Strategies vary, but mostly these companies monitor and manage their customers' networks and systems, looking for problems. Like ASPs taking on application headaches, these companies take on IT management headaches.

At a time when qualified IT personnel are difficult to find and management software is often difficult to use, the idea of making it all someone else's problem is becoming more attractive. Gartner Group analyst Stephen Elliot says the market for these services should reach $2 billion by 2003. The size of the opportunity has resulted in a recent explosion of management service providers, including @Manage, InteQ, NetSolve, ProactiveNet, SilverBack, SiteRock, StrataSource and TriActive.

Part of the draw for enterprises is that management service providers can have IT personnel monitoring customers' networks round the clock, says Paul Holden, director of technology infrastructure and support at Sedgwick Claims Management Services. His company's WAN is monitored by NetSolve.

"NetSolve knows about network problems before our clients or our internal colleagues even notice," Holden says, adding that NetSolve typically notifies Sedgwick within a minute of any network service degradation. "That responsiveness is very important to us."

Gartner Group's Elliot points out that subscribers to management services no longer have to worry about building, training and retaining an IT staff. The services probably will appeal most to small and midsize companies that don't have the resources to maintain their own IT staffs.

Starting small

As with ASPs, however, many management service providers are still just trying to earn their first customers. InteQ, for example, claims three early adopters for its service, and SilverBack says it will announce some customers when the company officially debuts at the end of the month.

Enterprises may be reluctant to give up control of their networks, especially since networks are becoming critical to their success. But in many cases, the management service providers simply gather information and point to potential problems.

"We do not take ownership of the problem itself," says Santhana Krishnan, CEO of InteQ. "We'll just keep an eye on it for customers."

One management service provider, @Manage, offers a Web-based tool it developed. Clients provide access to their networks via a virtual private network and give @Manage device information and IP addresses, says Paras Gupta, the company's president and CEO. Remotely, @Manage's software collects data from customers' network devices, using Simple Network Management Protocol. Clients then can view their network performance data and alarms over a secure connection.

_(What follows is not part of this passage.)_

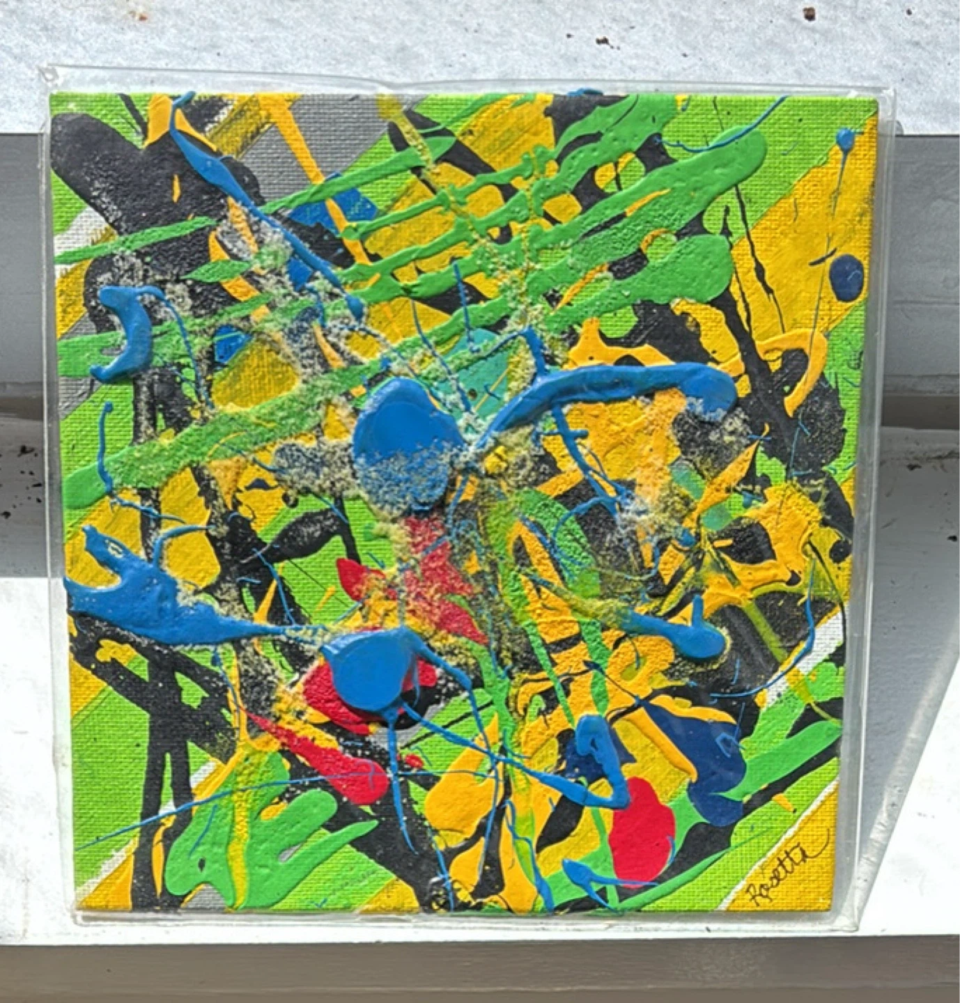 Original signed abstract painting by established artist Rosetta DeBerardinis (see Wikipedia above). Part of her affordable art series. Features vibrant colors and unique textures. Ready to add a pop of color to your space! Ready to frame. “Flamingo Dancing:Two’ 6” x 6” on canvas board. Reduced. $35 Read carefully…..: No apps or Zelle. Cash only!! Send date and time for payment on E. 34th Street and 1st Avenue before 8 pm across from NYU Hospital. Thanks.

SilverBack also developed its own Web interface, but it works in conjunction with management software that resides at the customer site. That way, if the link between SilverBack and the site fails, the client can still use the management software on- site, says Skip MacAskill, vice president of marketing at SilverBack.

The company's Web interface can receive information from disparate management applications and present it all together, MacAskill says. This insulates customers from the complexity of having multiple management applications, he says.

Some of the management service providers use a particular management platform. InteQ, for instance, primarily uses Hewlett-Packard's OpenView and IT/Operations, in conjunction with some systems management components from BMC Software.

At this point, much of the outsourced network management services center around a company's WAN connections, or its Web site. Sedgwick Claims' Holden says his company still retains control of the LAN portion of its 64 locations throughout the country. In the future, however, he says he might be willing to hand over control of some of his larger sites to a management service provider.

Holden says that not having to deal with his frame relay carrier is liberating. "Having NetSolve manage the carrier gives us the freedom to do our own core business," he says.